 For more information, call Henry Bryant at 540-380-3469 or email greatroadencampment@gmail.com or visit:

* * *

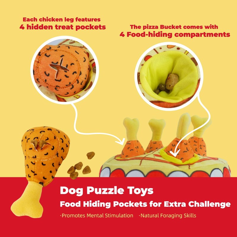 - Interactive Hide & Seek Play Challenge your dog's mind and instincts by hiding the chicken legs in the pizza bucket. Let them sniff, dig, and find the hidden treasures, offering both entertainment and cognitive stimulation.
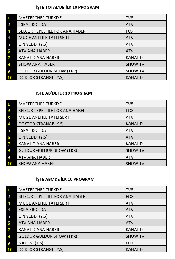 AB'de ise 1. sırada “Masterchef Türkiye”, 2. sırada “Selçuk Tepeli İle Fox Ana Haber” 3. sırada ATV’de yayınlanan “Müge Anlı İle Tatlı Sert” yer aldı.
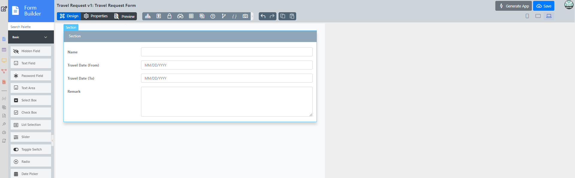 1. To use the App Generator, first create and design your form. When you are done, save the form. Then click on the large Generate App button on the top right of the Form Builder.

About this exercise:
Transcribe, from the material above, the stretch starting at the line with "AB'de ise 1." and ending at the line with "1. To use the", both included, exactly. Do not carry over pictures.

Finished exercise:
 AB'de ise 1. sırada “Masterchef Türkiye”, 2. sırada “Selçuk Tepeli İle Fox Ana Haber” 3. sırada ATV’de yayınlanan “Müge Anlı İle Tatlı Sert” yer aldı.
 1. To use the App Generator, first create and design your form. When you are done, save the form. Then click on the large Generate App button on the top right of the Form Builder.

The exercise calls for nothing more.